Bunun neden olabileceğine dair acil bir açıklama yok. Belki de genç oyunculara şans vermenin önünde bir engel vardır. Belki de yerel ligleri ithalata çok bağlı. Belki de övülen akademileri identikit oyuncularını çıkarıp başka yerlerde boşluklar bırakıyor. (Olasılık, biraz rastgele şansla birleştiğinde, üçünün de bir karışımı olmasıdır.)
Sonuçlar biraz daha net. Kıtanın üç geleneksel gücü eskisi gibi değil. Bunun yalnızca geleneksel akranları – özellikle İngiltere ve Fransa – üzerinde değil, aynı zamanda devlerin gölgeleri biraz gerilediğinde aniden nefes alacak küçük bir alan bulabilecek İskoçya gibi daha küçük ülkeler üzerinde de bir etkisi var.
En Büyük Macera
Hervé Renard, uluslararası futbolun yalnızca daha az göze çarpan köşelerinin üretebileceği figürlerden biri. Mükemmel şekilde preslenmiş, parlak beyaz ve çoğu zaman neredeyse beline kadar kesik olan gömleklerini giyiyor. Saçları uzun, yüzü bronz ve beklenmedik yerlerde ortaya çıkma eğilimi var: Zambiya, Fildişi Sahili, Suudi Arabistan. O, esasen insan biçimindeki “swashbuckling” sıfatıdır.
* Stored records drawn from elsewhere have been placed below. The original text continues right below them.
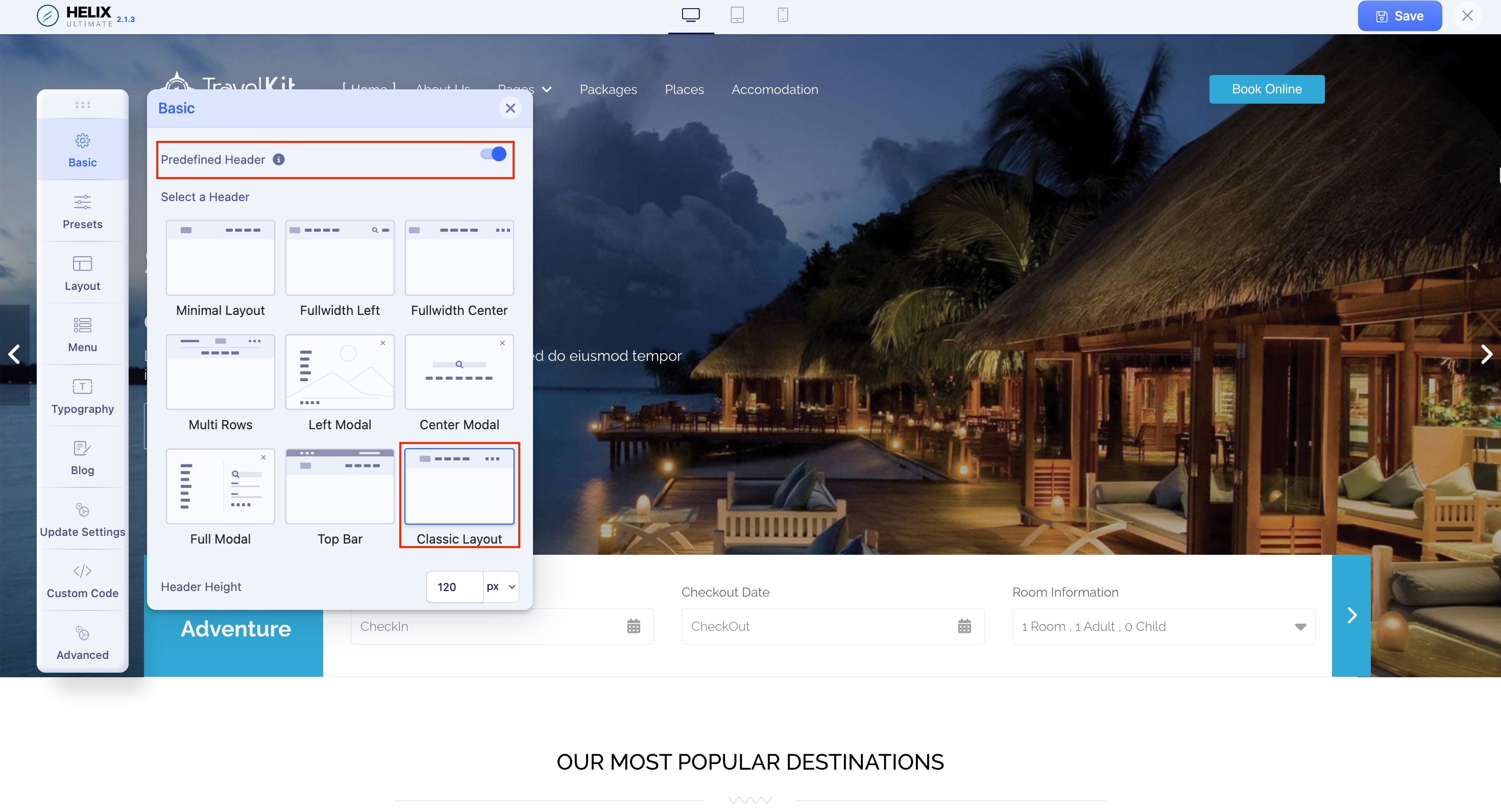 Upon enabling the Predefined Header option, you can find the header layout used in this template. You will be presented with a series of header layouts. For this template, the Minimal Layout header has been used. You can easily adjust this by selecting the other available layouts in this option that best suit your needs.
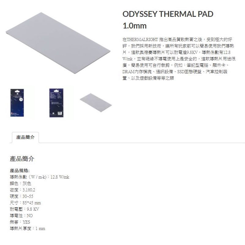 THERMALRIGHT ODYSSEY 奧德賽 THERMAL PAD 1.0mm 導熱片 /紐頓e世界
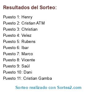 Lista de participantes: Saúl, Ibar, Cristian Gamba, Christian, Rubens, Cristian ATM, Vicente, Henry, Dani, Velez, Marco.
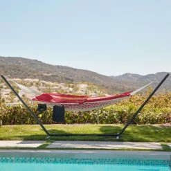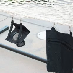 - Double Hammock set includes an easy-care polyester pad and pillow along with a handy drink and Tablet holder
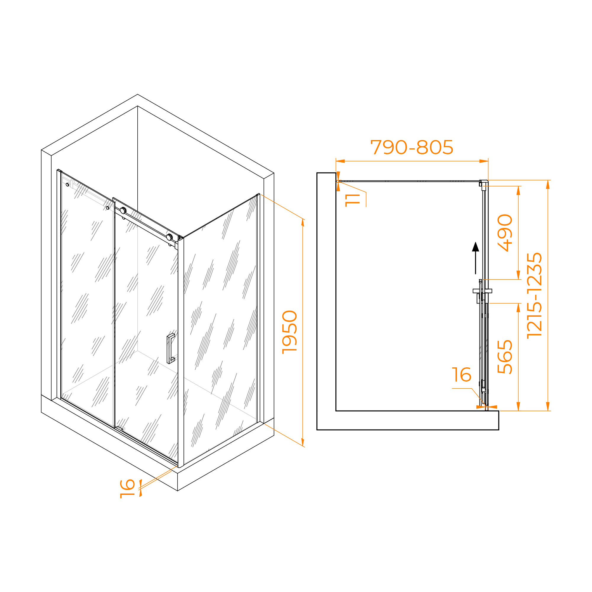 Высота душевого угла составляет 1950 мм, что обеспечивает удобство и комфорт во время использования. Регулируемый профиль позволяет адаптировать размеры уголка под особенности конкретной ванной комнаты, что делает его универсальным и функциональным решением.
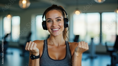 © ikhsan, Obraz premium A joyful fitness enthusiast in a gym, wearing headphones and a gray sports top, beams with enthusiasm and energy.
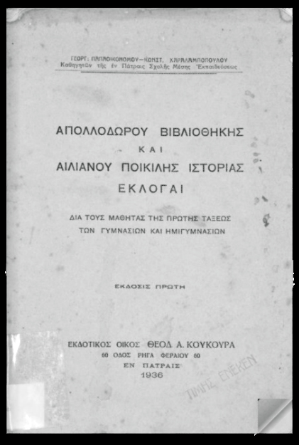 Σχολικό εγχειρίδιο του 1936 για το μάθημα των Αρχαίων
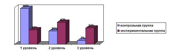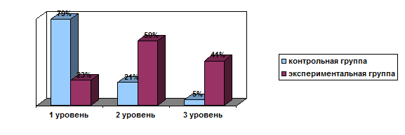 Распределение студентов контрольной и экспериментальной группы по уровням креативной готовности к разработке и использованию средств ИКТ в учебном процессе.
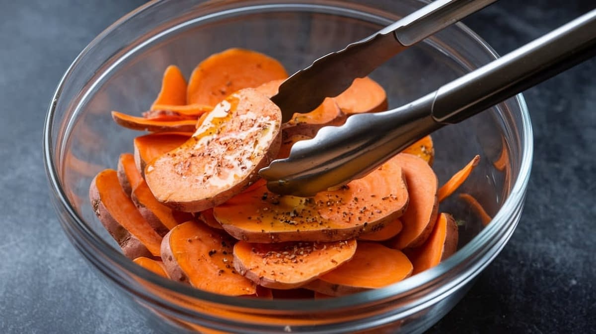 Slice the sweet potatoes as thinly as possible using a sharp knife or a mandoline slicer. Aim for uniform thickness (about 1.5 mm) to ensure even cooking.
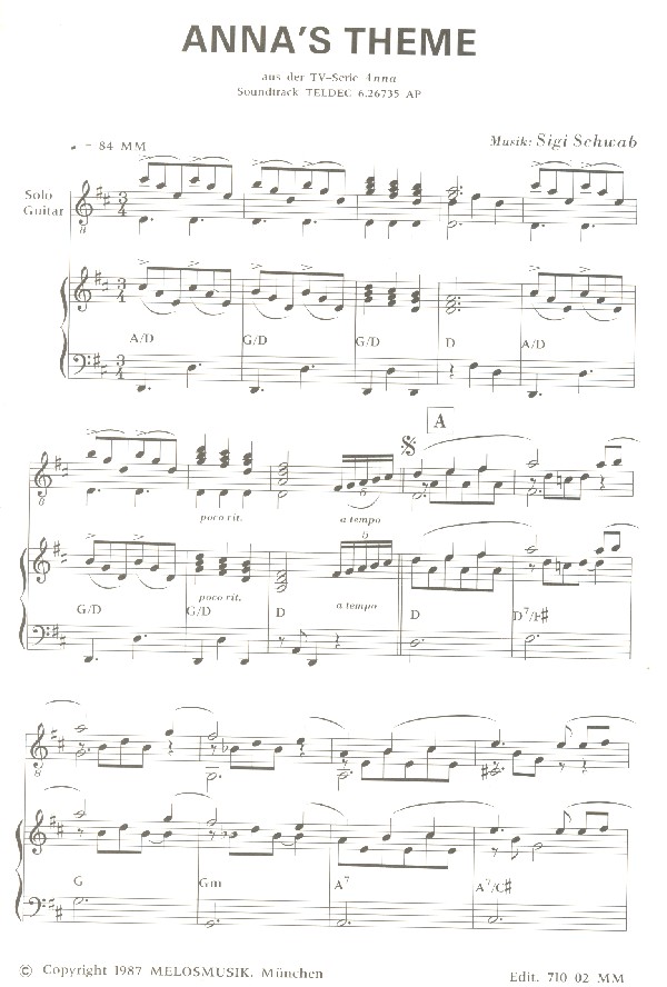 Produktinformationen "Anna's Theme: piano/solo guitar"

Ayrıca, olduğu gibi, yaptığı işte iyidir. Önce Zambiya’yı, ardından Fildişi Sahili’ni Afrika’nın şampiyonu yaptı. Fas’ı 2018 Dünya Kupası’na yönlendirdi. En son dinamik, büyüleyici bir Suudi tarafını Arjantin’e karşı erkekler Dünya Kupası tarihindeki en dikkat çekici sonuçlardan biri olan bir zafere yönlendirirken görüldü.
En yeni işi farklı bir düzende. Renard’ın bu hafta, Fransa kadın milli takımının teknik direktörü olarak yıllardır popüler olmayan Corinne Diacre’nin halefi olduğu onaylandı. Yüzeyde, görevi zahmetli. İlk olarak, selefi tarafından yabancılaştırılan oyuncu grubunu uluslararası sahaya geri dönmeye ikna etmesi gerekiyor. Ardından, dünyanın en iyi takımlarına meydan okuyacak kadar tutarlı bir taraf oluşturması gerekiyor. Bunu yapmak için üç buçuk ayı var ya da al.
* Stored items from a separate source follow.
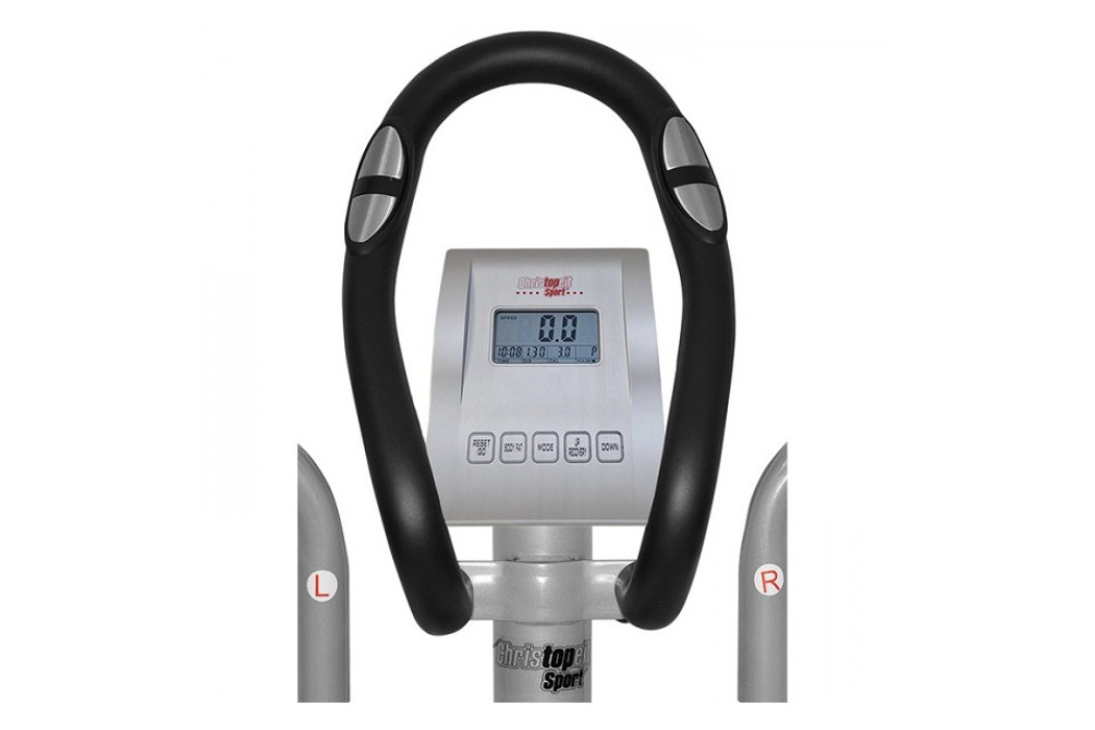 Магнитный эллиптический тренажер Christopeit Sport Crosstrainer CS 5 Максимальный вес пользователя 140 кг. 8 уровней нагрузки. Вес маховика 8 кг. Контактные пластины измерения пульса. Показания компьютера: скорость, частота вращения, пройденная дистанция, время тренировки, расход калорий, пульс. Программы тренировки по времени, расстоянию и расходуемым калориям со звуковым сигналом о достижении допустимых значений. Педали с нескользящей поверхностью. Регулировка положения педалей. Транспортировочные ролики. Компенсаторы неровности пола. Размеры: (ДхШхВ) 140 х 59 х 161 см. Вес тренажера 40 кг.
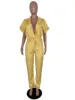 HAOOHU 2019 Women Jumpsuit short Sleeve Turn Down Collar Casual Playsuit Female Work Overalls Ladies Wide Leg Loose Romper CY117
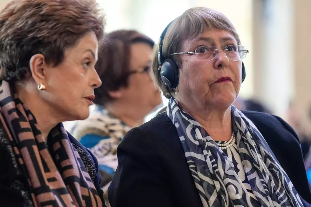 FILE - Chile's former President Michelle Bachelet attends an International Women's Day event at Paris City Hall, March 8, 2024, in Paris. (AP Photo/Lewis Joly, File)
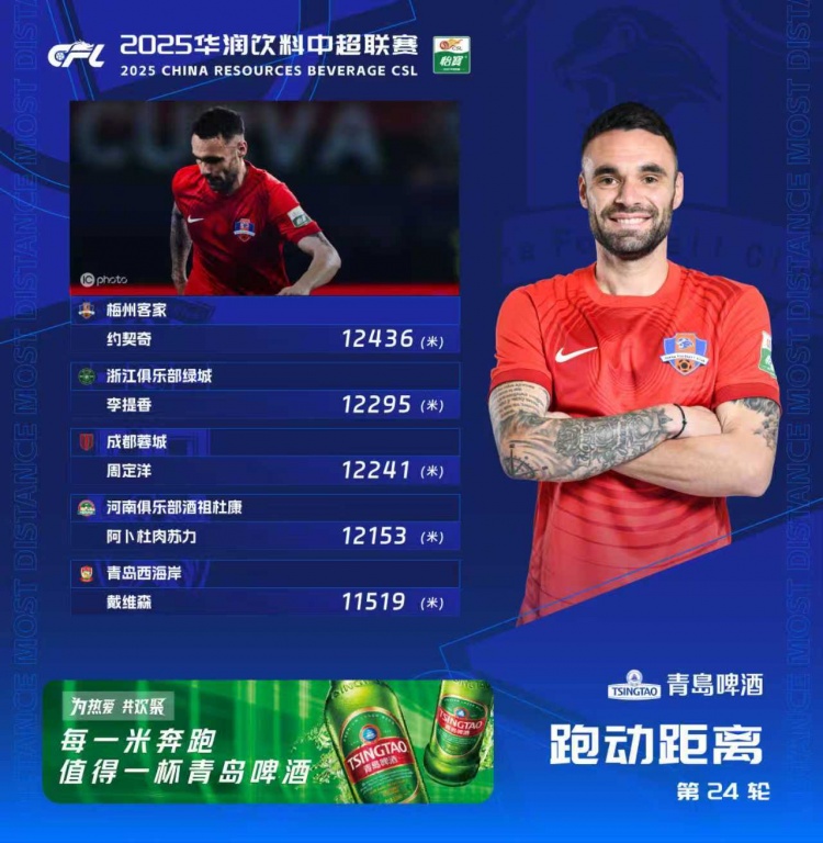 排在本轮跑动榜第5位的,是青岛西海岸外助戴维森,他的跑动距离为11519米。值得一提的是,戴维森亦然本轮跑动榜前5位中独逐个名挫折型球员。
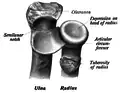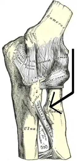 Ligaments that support the elbow joint also attach to the radial tuberosity.[5]
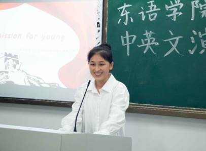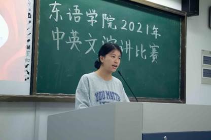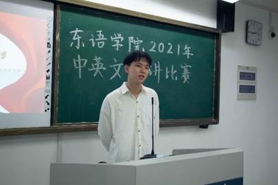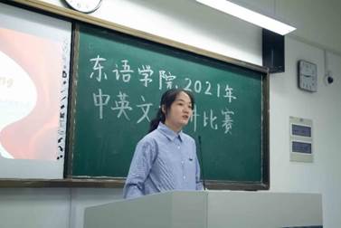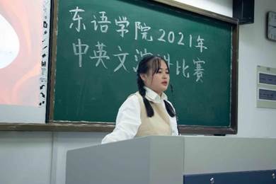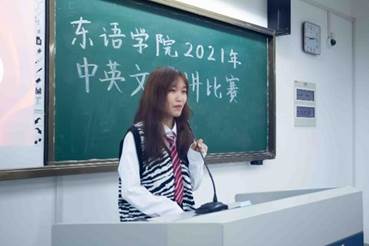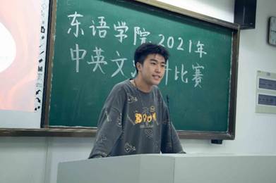 在紧接着的第二环节中,选手们随机抽选演讲主题,并在1分钟之内发表自己对于主题的见解。选手们言辞流利、妙语连珠,展现了机敏、灵活的应变能力与从容不迫的翩翩风度,为观众们呈现了一场精彩的视听盛宴的同时充分展现了新一级东语学子的青春风采。
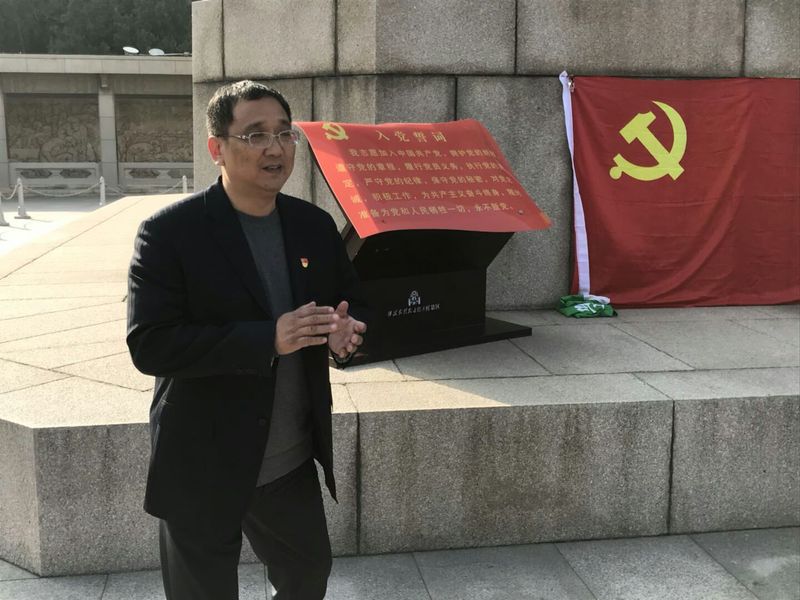 为深入贯彻党的十九大精神,扎实推进“两学一做”学习教育常态化制度化,进一步提高教师党员思想认识水平,11月8日下午,环境科学与工程教职工党支部前往淮海战役园区开展“重温入党誓词,争做合格党员”主题党日活动。我院党委书记李长贵、党委副书记王守刚、副院长周来参加本次活动,活动由党支部书记杨虹主持。

Potansiyel ödül olsa da, buna değer. Fransa, dünyanın en iyi iki kadın kulübü takımına ev sahipliği yapmaktadır. Grace Geyoro, Marie-Antoinette Katoto ve Kadidiatou Diani’de – Amandine Henry, Wendie Renard ve ikizler Delphine ve Estelle Cascarino’dan bahsetmiyorum bile – şimdi, en azından teoride, gezegendeki en iyi oyunculardan bazılarına sahip.
Teknik direktör Renard, ülkenin parçalanmış takım ruhunu onarabilirse, tüm bu yetenekleri inandırıcı bir birime dönüştürebilirse, Diacre’ın sürekli olarak başarısız olduğu yerde başarılı olabilirse ve oyuncularının potansiyellerini gerçekleştirmeleri için bir platform sağlayabilirse, o zaman var. Fransa’nın Dünya Kupası için gerçek yarışmacılar olarak İngiltere, ABD ve Almanya ile rekabet etmesini durduracak hiçbir şey yok. Renard, kariyerini bir meydan okuma arayışı içinde dünyayı dolaşarak geçirdi. Mirasını mühürleyebilecek macerayı evinde bulmuş olabilir.